Steven Poole argues that gamers learn to care for their characters to the point of feeling grief at their loss. This may be driven by the fact that gamers see events through their characters’ perspective most often (Poole, 2000). This phenomenon is not limited to computer games; Gary Fine found that table-top role playing gamers became very invested in the “lives” of their characters to the point of cheating to protect the favorites (Fine, 1983).
So we see that there is a relationship that changes or affects the gamer in potentially significant ways. This becomes even more interesting when we consider the willingness of many male gamers to “try on” female forms in the games they play.
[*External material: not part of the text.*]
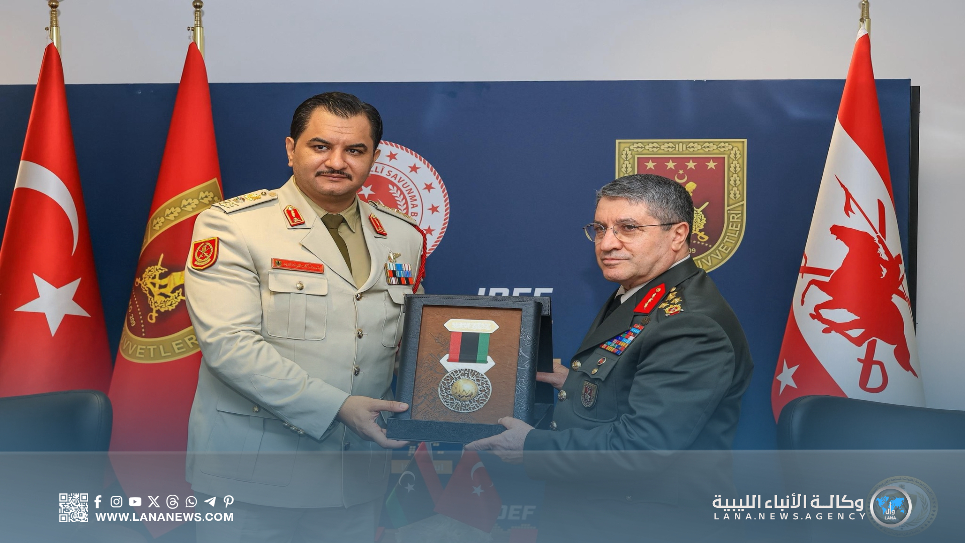 إسطنبول 22 يوليو 2025 (الأنباء الليبية) – شارك رئيس أركان القوات البرية الليبية، الفريق ركن صدام خليفة، في فعّاليات معرض IDEF 2025 الدولي للصناعات الدفاعية، المقام بمدينة إسطنبول، ضمن زيارة رسمية إلى الجمهورية التركية، جاءت بناءً على دعوة رسمية من الجانب التركي.

Carol Clover considers this process a way to play with pronouns, so to speak, during the course of a narrative (Clover, 1992). And we do see this quite frequently: the Tomb Raider series of games features a female character, while the Virtua Fighter series is nearly half female characters — and both games are played predominantly by males.
Yet there is a disconnect between the simulation and the narrative where the willingness to swap genders ends. In considering the original Battlestar Galactica versus the remake, we see counter-example: a large number of males who were unwilling to accept the Battlestar Galactica remake cite that the characters Starbuck and Boomer were originally males as reason for their reticence.
Gonzalo Frasca argues that “unlike traditional media, video games are not just based on representation,” and that, “even if simulations and narratives do share some common elements,” they are essentially different (pp. 221-222). This is a key distinction, and one that explains why while a boy might play as Lara Croft in Tomb Raider, he likely would not want to play with a Lara Croft doll. There is some difference, it would seem, in the way gender is considered in simulation versus narrative.
Which leads me to the question: What are the boundaries of those differences, and how might we leverage that knowledge in utilizing avatars to educate and promote awareness of gender roles in the real world?
Clover, C. (1992). Men, women, and chain saws: Gender in the modern horror film. Princeton: Princeton University Press.
Fine, G. (1983). Shared fantasy: Role-playing games as social worlds. Chicago: University of Chicago Press.
Frasca, G. (2003). “Simulation versus narrative.” In Wolf, M. & Perron, B. (Eds.), The video game theory reader (pp. 221-235). New York: Routledge.
Poole, S. (2000). Trigger happy: The inner life of video games. London: Fourth Estate.